Early American eugenics drew on Spencer, Darwin, and Galton to justify programs of forced sterilization for “mental defectives,” “moral degenerates,” and other “undesirables” to prevent the inheritance of their bad traits to later generations. The Eugenics Record Office, founded in 1910 at the Cold Spring Harbor Laboratory, promoted forced sterilization as good public policy and created standardized questionnaires to help with evaluation (Eugenics Archive, 2008). By 1930, half of the states in the US had some sort of eugenic sterilization law on the books. In Arizona, inmates of the State Hospital for the Insane could be sterilized if they were the “probable potential parent of socially inadequate offspring,” and in Kansas any inmate of the state, including prisoners, could be sterilized if “procreation by him would be likely to result in defective or feeble-minded children with criminal tendencies” (Brown, 1930:23,25).

Often, however, “degenerate” meant non-white or immigrant. Even the Scopes text A Civic Biology included a ranking of races from “the Ethiopian or negro type, originating in Africa” to “the highest type of all, the Caucasians, represented by the civilized white inhabitants of Europe and America” (Hunter, 1914:196). By 1924, based largely on data presented by Harry Laughlin of the Eugenics Record Office, the US Congress passed the Immigration Reform Act, setting quotas for immigrants according to their seeming fitness and levels of “social inadequacy.” Immigration levels did not recover until the late 1980s (Eugenics Archive, 2008).

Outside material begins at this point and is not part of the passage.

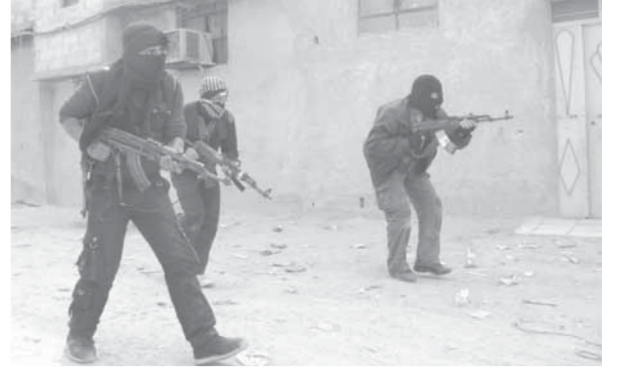
عناصر مسلحة في الهامة

Of course the most severe example of eugenics application is the systematic sterilization and extermination of those deemed degenerate by the Nazi regime, particularly embodied by the 1933 Law for the Prevention of Genetically Diseased Offspring. The Nazis “regularly quoted American geneticists who expressed support for their sterilization policies …[and] frequently invoked the large-scale California experience with sterilization” (Paul, 1995:86). It is clear that Nazi policies drew on ideas about racial hygiene and degeneracy (Proctor, 1988), and it is clear that American scientists admired such firm policies. Of course, the use of Darwin’s ideas to legitimate prejudices reached their apotheosis in the Holocaust where, in Kevles’ words, “a river of blood would eventually run from the [German] sterilization law of 1933 to Auschwitz and Buchenwald” (Kevles, 1985:118). (Again, to be clear, unlike ID advocates who say Darwinism necessarily led to the Holocaust, we are simply claiming that Germans of this era used Darwinism to legitimate the Holocaust.)

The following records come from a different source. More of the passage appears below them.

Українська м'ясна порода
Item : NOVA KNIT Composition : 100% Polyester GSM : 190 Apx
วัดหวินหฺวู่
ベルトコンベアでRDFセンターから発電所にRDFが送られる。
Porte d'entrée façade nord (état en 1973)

By 1944, Hofstadter could speak of “Social Darwinism” as one of the most influential trends in American public life, in which Darwinism “impelled men to try to exploit its findings and methods for the understanding of society through schemes of evolutionary development and organic analogies” (Hofstadter, 1944:4). Of course the concept of Social Darwinism is flexible, and historically the term has been employed by both advocates and opponents of particular social policies. And it is arguable whether Darwinism per se acted as the conceptual source for these actions (Hofstadter, 1944), as a catalyst for many existing tendencies in American intellectual life (Bannister, 1979), or as a sort of guiding worldview partly disconnected from its scientific origins (Hawkins, 1997). But to reiterate, we are not saying that Darwin really said these things, and we are not saying that Darwinism inevitably leads to genocide. We are saying that some scientists also use Darwinism to make moral claims about social order, and that religious opponents of Darwinism were aware of their uses. Historically, this awareness would have been due to the ubiquity of the eugenics movement in America, which claimed to be “scientifically” solving social problems (Kevles, 1985; Rosen, 1997). Contemporary evidence of this awareness is in the constant reference to the Holocaust by ID advocates (for example Motive, 2008).

4.2 The Moral Status of Humans

Darwinism has also been used to justify many different kinds of claims about the place of humans in the world. Immediately after Darwin, John Fiske described humans as the pinnacle and purpose of evolution:

The creature thus evolved long since became dominant over the earth in a sense in which none of his predecessors ever became dominant; and henceforth the work of evolution, so far as our planet is concerned, is chiefly devoted to the perfecting of this last and most wonderful product of creative energy (Fiske, 1884).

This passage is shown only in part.